Benefits of Supplementary Downlink
Aspect Benefit
Increased Downlink Capacity Adds lower download spectrum to increase user data rates
Efficient Spectrum Use Allows unpaired bands to be used that otherwise would be unused.
Improved Indoor Coverage If SDL is at a lower frequency it will penetrate walls easier.
Enhanced User Experience Facilitate faster downloads and better experience in streaming.
Flexible Network Design Operators can dynamically implement SDL in places with more download demand.
Deployment Use Cases - SDL
In LTE-Advanced (LTE-A) and 5G-NR systems, SDL is used in both LTE-A systems and NR systems.
LTE-A Systems
In LTE-A, SDL was introduced as part of Carrier Aggregation (CA).

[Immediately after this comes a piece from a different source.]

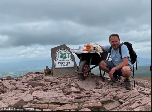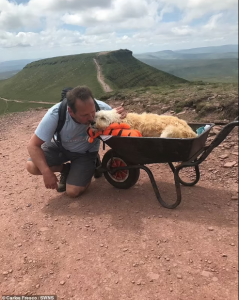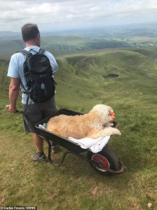 After becoming aware the Labradoodle wasn’t very well, Carlos decided to return to the beacons, so they could share one last journey together – with the aid of a wheelbarrow.

Example: Band 32 (SDL) can be aggregated with Band 3 (FDD).
Thus, it allows more throughput without requiring additional uplink spectrum.
5G-NR Systems
In 5G, SDL facilitates greater downlink in both FR1 (sub-6GHz) and FR2 (mmWave) bands.
SDL bands can be used to increase eMBB (enhanced Mobile Broadband).
Utilizing SDL is particularly advantageous in dense urban areas and when user devices are indoors.
SDL and Enhancement Coverage
The image illustrates one important point: SDL, in fact, extends coverage for downlink transmissions.
If a user moves toward the cell edge:
Uplink power diminishes due to the device's capabilities.
But the base station is still able to deliver a strong downlink signal because SDL is used.
So, even if uplink communication gets worse, the user can still receive the content and updates they want in a timely manner.
If the SDL is Operating at a Lower Frequency:
Improved indoor penetration (good for buildings or tunnels).
Wider coverage area due to less path loss.
If the SDL is Operating at a Higher Frequency:
Greater capacity with additional bandwidth.
Greater capacity in hotspot areas such as stadiums or shopping malls.
Challenges of SDL Implementation
While SDL has clear benefits and advantages, it also presents technical challenges to network operators.
- Device Compatibility
Not all user equipment (UE) will support supplemental downlink bands. It must possess carrier aggregation capabilities.
- Spectrum Licensing
Using SDL entails having dedicated unpaired spectrum, which is not always available or affordable.
- Synchronization and Interference
A downlink carrier from SDL can lead to increased interference if it is delayed and not synchronized with neighboring cells.
- Network Planning Complexity
Engineers will have to plan for SDL, as well as how the 3GPP defines and specifies the interaction with existing FDD/TDD cells, while still maintaining the true purpose of SDL to achieve load balancing.
Conclusion
Supplementary Downlink (SDL) is an important new technology that helps LTE and 5G networks accommodate significant downlink data loads.
By leveraging excess unpaired spectrum for downlink-only transmissions, SDL increases:
Data throughput,
Coverage, and
Spectrum flexibility.
Whether used as an FDD or TDD solution, SDL enables the network to provide faster, more reliable data services, and stays close to the cell edge.